Pidamos a la Virgen que nos ayude a discernir nuestra llamada frente al misterio de ese Dios que tiene sus planes para cada uno de nosotros; que ella nos ayude a orar:

«Señor, tú conoces nuestra incapacidad absoluta para hablar de ti; nuestras palabras son siempre tan vacilantes, tan imprecisas, tan aproximativas. Tú eres la única Palabra; sé tú también nuestra palabra, la de cada uno de nosotros. Jesús, manifiéstate a nosotros como Palabra de vida, para que lleguemos a reconocer que tú eres el sentido, el único significado de nuestra existencia, que tú nos das la vocación que decidirá nuestro camino.
Tú que eres transparencia, brillo y reverberación del Padre, haz que, al contemplar tu rostro de crucificado vivo por la resurrección, podamos ver al Padre; que, escuchándote a ti, podamos escuchar al Padre, porque tú eres la Palabra última, la definitiva, en la que se contienen las aspiraciones más íntimas del ser humano.

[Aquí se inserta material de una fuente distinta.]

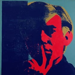 The close-up view of his own face in this pair of self-portraits is a dead giveaway of a cheap photo booth. The rapt attention and the fingers touching his mouth are a mannerism borrowed from the poses matinee idols struck in the 1940s. The colors are chosen with pure indulgence. Despite those affectations, the artist allows us a glimpse of himself as an intensely private individual who hides behind his public persona.

Jesús, manifiéstate a nosotros en toda tu humanidad y en toda tu divinidad. Haz que podamos comprenderte como el Absoluto, el Perfecto, el Eterno, el Inmenso, la Verdad, el Amor, la Justicia, el colmo de nuestros más íntimos deseos, la meta de todas nuestras esperanzas, el fundamento de toda nuestra vida, de todos los átomos de nuestro cuerpo, de nuestros pensamientos, gestos y acciones.
Señor Jesús, Palabra de Dios hecha carne, amigo y hermano nuestro, haz que en ti se nos revele el Dios Uno y Trino, el que es todo en todas las cosas, el dueño de la vida y la muerte, del tiempo y de la eternidad, de la alegría y del dolor, de la noche y del día. Tú, Señor, eres el fin último de nuestra existencia, porque tú eres el Amor».